Les membres de l'Alliance Atlantique se sont engagés à maintenir et à accroître 'leur capacité individuelle et collective de résistance à une attaque armée'. (1) II est évident qu'ils ne pourront remplir pleinement cet engagement que s'ils élaborent dès le temps de paix, individuellement et, au besoin, collectivement, des plans et des préparatifs pour protéger leur population civile et pour organiser ses activités en temps de guerre. Si le passage de l'état de paix à l'état de guerre s'effectue sans ordre, et sans une coordination suffisante entre les gouvernements, les populations civiles risqueront de manquer de vivres, leur confiance en leurs dirigeants sera ébranlée, la production d'armements sera entravée et la désorganisation du système économique pourra provoquer des troubles sociaux. Les attaques aériennes risqueront d'engendrer le chaos - et les pays dont le front intérieur ne pourra résister se trouveront en péril mortel.
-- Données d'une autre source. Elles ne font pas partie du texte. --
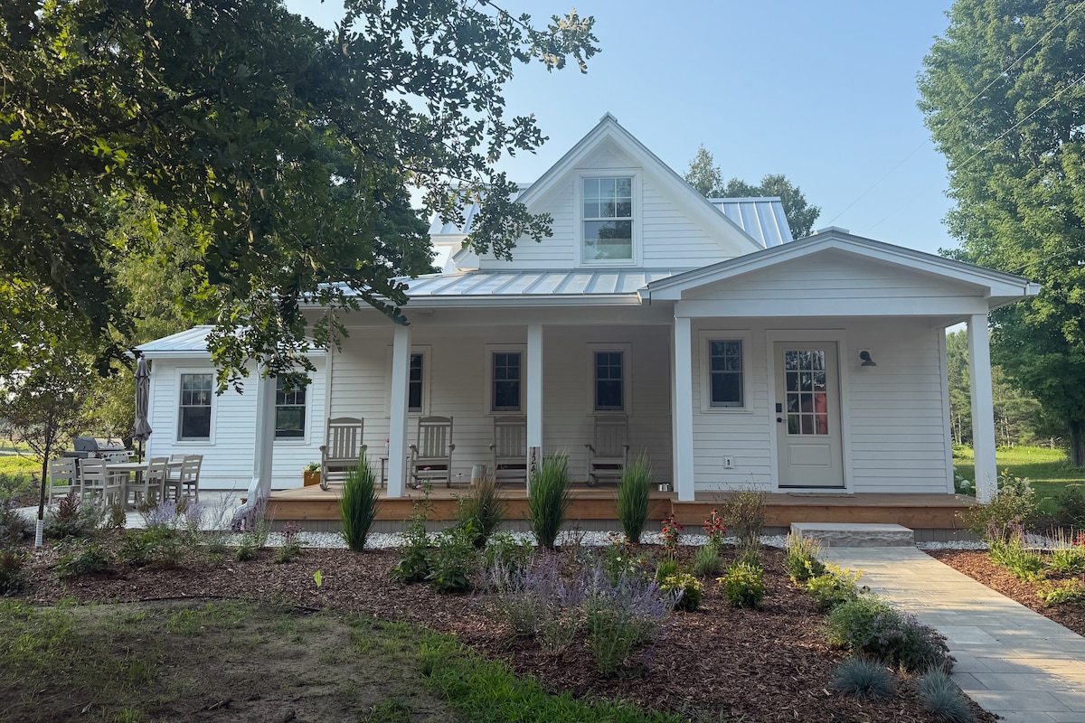 Clean, new home (in 2020) with 6-person hot tub is less than a 4-minute walk to Lake Michigan, and 3-minutes to downtown Empire. In the heart of Sleeping Bear Dunes National Lakeshore and its amazing trails, there is over 1400 square feet of indoor living space, plus 1000 sq feet of covered decks. The location offers easy access to a variety of outdoor recreation, Leelanau Wineries, and is 25 miles to Traverse City shopping and nightlife or 25 miles to Crystal Mountain Skiing!

C'est pourquoi il est du devoir des gouvernements d'élaborer des plans et des préparatifs destinés à surmonter les difficultés qui pourraient surgir dans le secteur civil en temps de guerre, et de faire en sorte que, parallèlement à la mise sur pied de leurs forces militaires, leur front intérieur soit prêt à toute éventualité.
Il est évidemment impossible d'établir à l'avance un plan minutieux englobant toutes les mesures qui devraient être prises dans le domaine civil, par l'OTAN en général et par chaque pays membre en particulier, dès l'ouverture d'un conflit. Néanmoins, il est du devoir du Conseil d'indiquer aux gouvernements les domaines dans lesquels des initiatives sont à la fois nécessaires et possibles et de leur présenter des recommandations reposant sur une conception claire et acceptée par tous des objectifs et des techniques qui doivent présider à la préparation du front civil.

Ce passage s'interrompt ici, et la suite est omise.